# [Assignment]
In this exercise, print only the lines from the line with "BUS IN FIAMME SULLA STRADA DEL PASSO PALADE" to the last line of the data below, inclusive. Any pictures should be left out.
^^^^
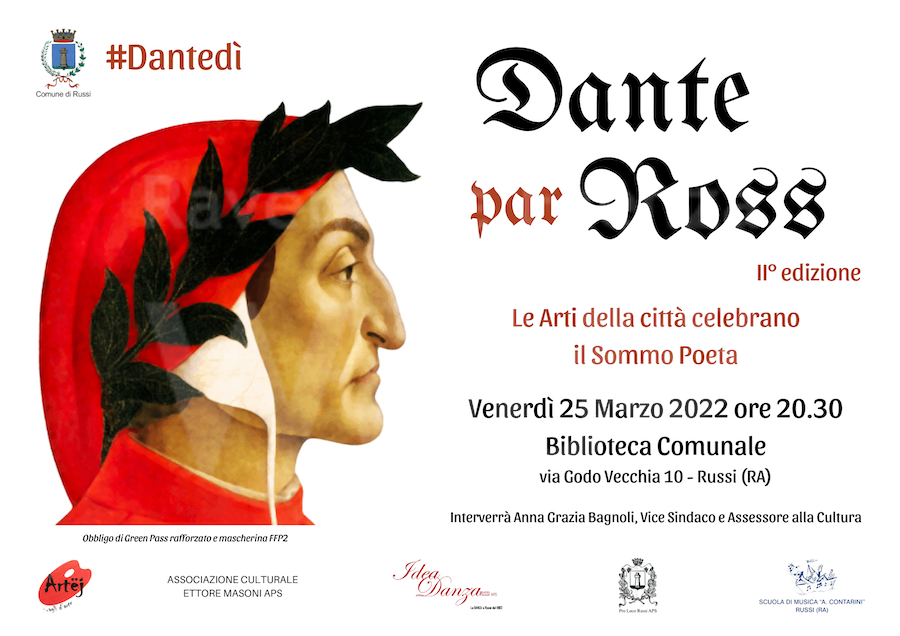 Dopo il successo della prima edizione, svoltasi come noto il 9 settembre scorso nel Giardino della Rocca “Terzo Melandri”, venerdì 25 marzo 2022, alle ore 20.30, avrà luogo la seconda edizione di “Dante par Ross”, in occasione del “Dantedì”, giornata nazionale dedicata al Sommo Poeta e padre della lingua italiana.
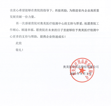 9月30日,奥美医疗用品股份有限公司负责人为省医疗器械质量监督检验研究院送上了一面锦旗和一封诚挚的感谢信,感谢省器械院“服务热情、技术精湛,心系企业,为企排忧”。这是省器械院在九月收获的第二面锦旗,今年的第五面锦旗。
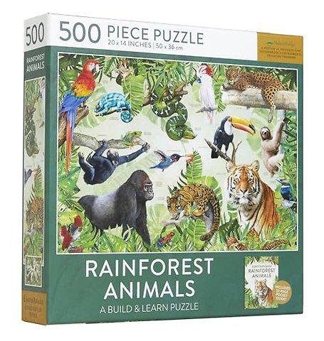From the canopy to the forest floor, discover the many rare and endangered animals from rainforests around the world with this beautiful 500-piece puzzle.
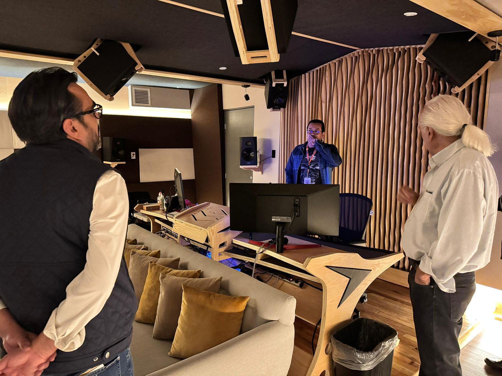 Durante el recorrido, Calónico Lucio mostró todo el equipo de alta tecnología con el que cuentan para la realización de producciones, doblaje de películas de Hollywood y series de todo tipo de plataformas.
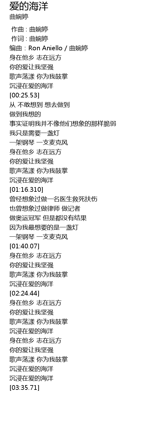 | [03:23.55] | 沉浸在爱的海洋 |
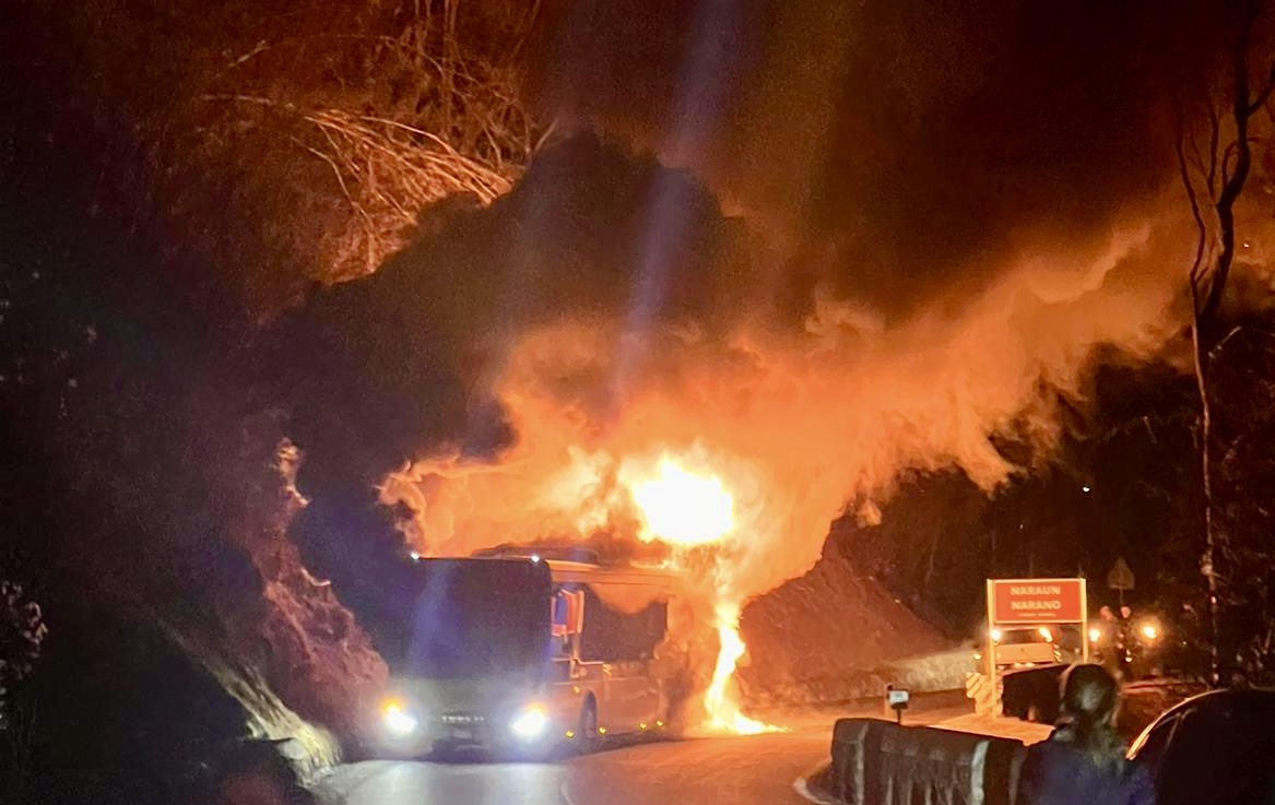BUS IN FIAMME SULLA STRADA DEL PASSO PALADE
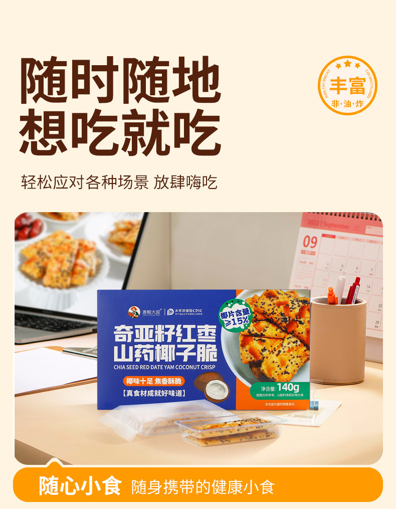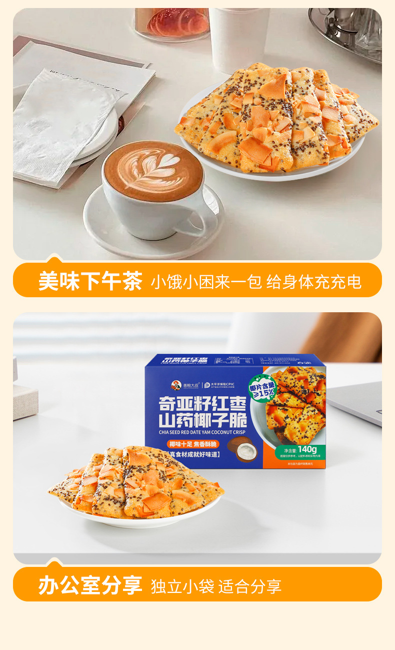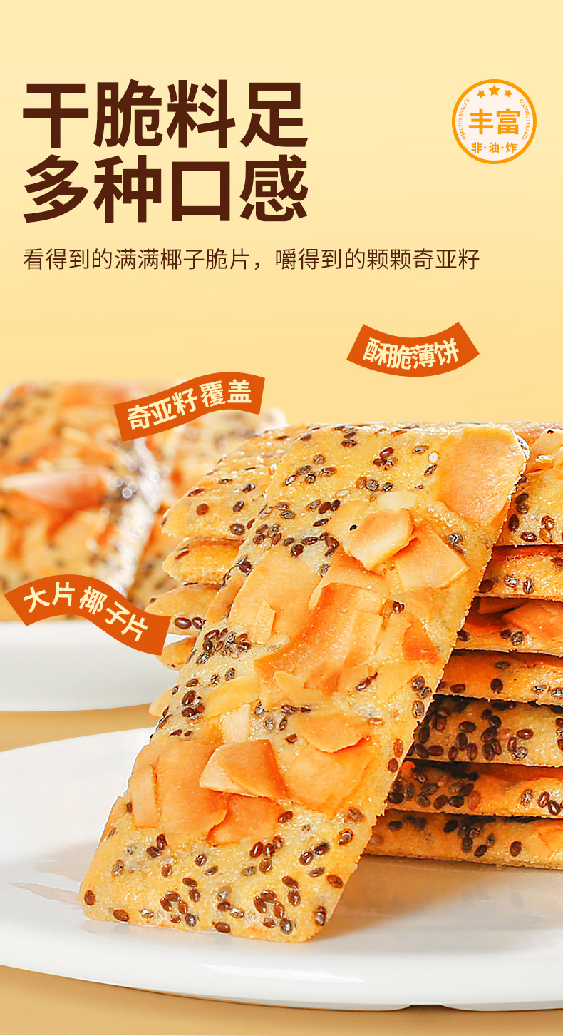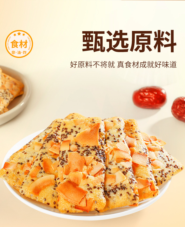 【微甜不腻!口感丰富】善粮大叔椰子脆片薄片饼干140g即食烘烤零食小吃椰香原味香酥。xb
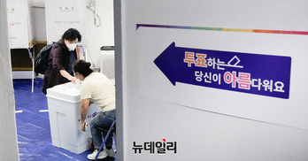 10·16 재보궐선거일인 16일 오전 서울 동작구에 마련된 투표소에서 유권자들이 투표를 하고 있다.서울시교육감과 기초자치단체장 4명을 선출하는 재보궐선거 본투표는 오후 8시까지 진행된다.
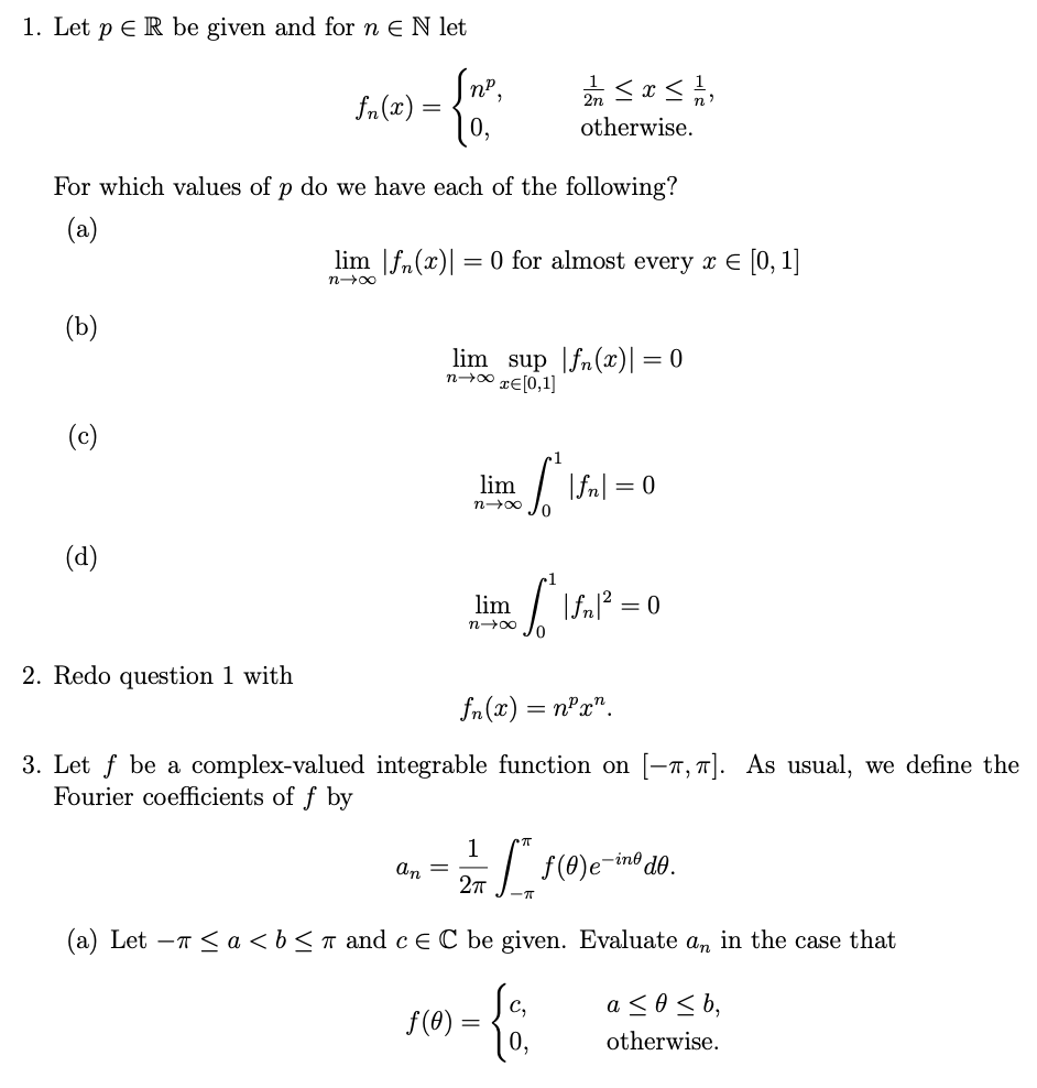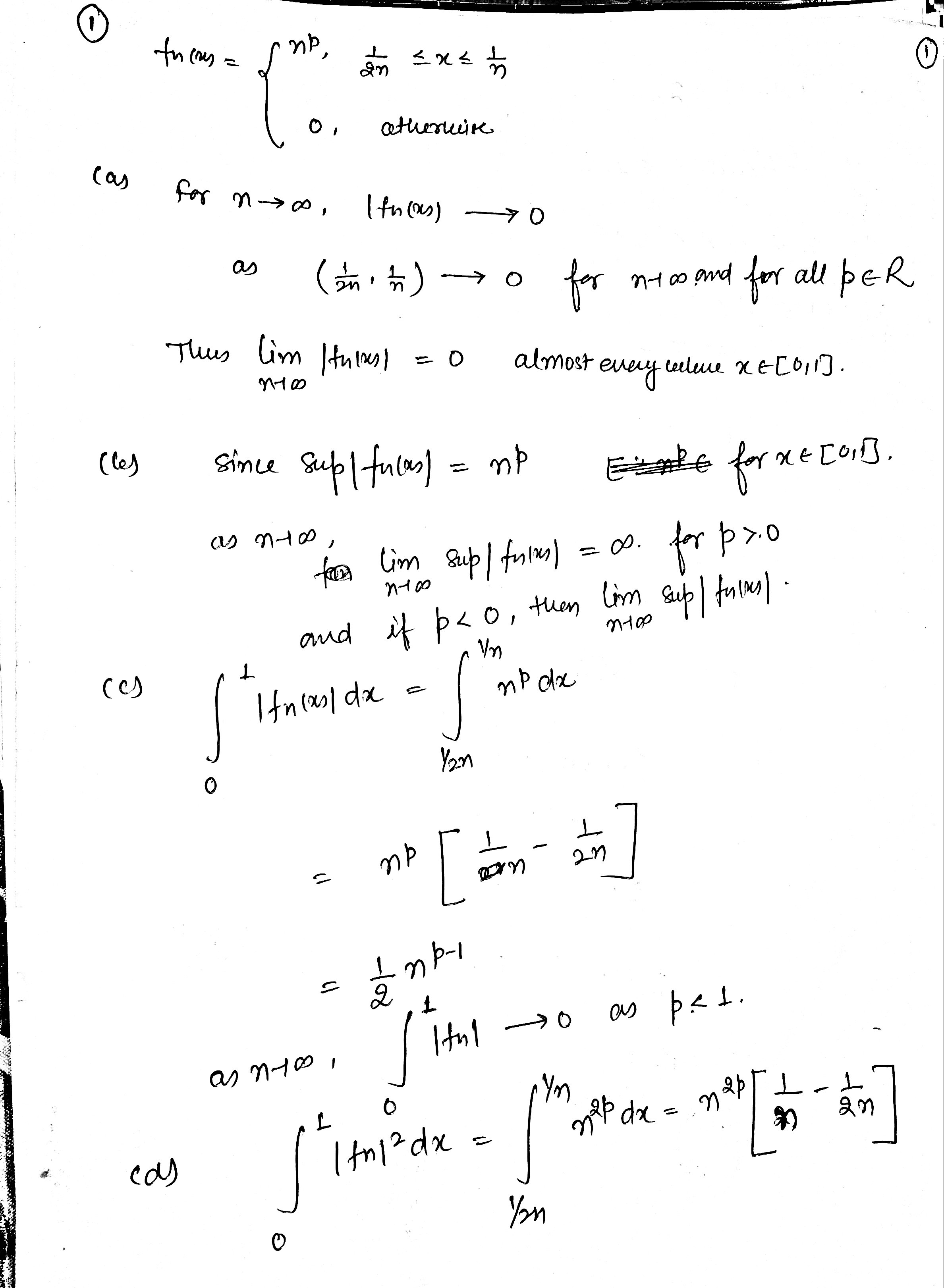 1. Let p € R be given and for n € N let fn (x) = { nP, 0, , n...
^^^^
# [Finished exercise]
BUS IN FIAMME SULLA STRADA DEL PASSO PALADE
 【微甜不腻!口感丰富】善粮大叔椰子脆片薄片饼干140g即食烘烤零食小吃椰香原味香酥。xb
 10·16 재보궐선거일인 16일 오전 서울 동작구에 마련된 투표소에서 유권자들이 투표를 하고 있다.서울시교육감과 기초자치단체장 4명을 선출하는 재보궐선거 본투표는 오후 8시까지 진행된다.
 1. Let p € R be given and for n € N let fn (x) = { nP, 0, , n...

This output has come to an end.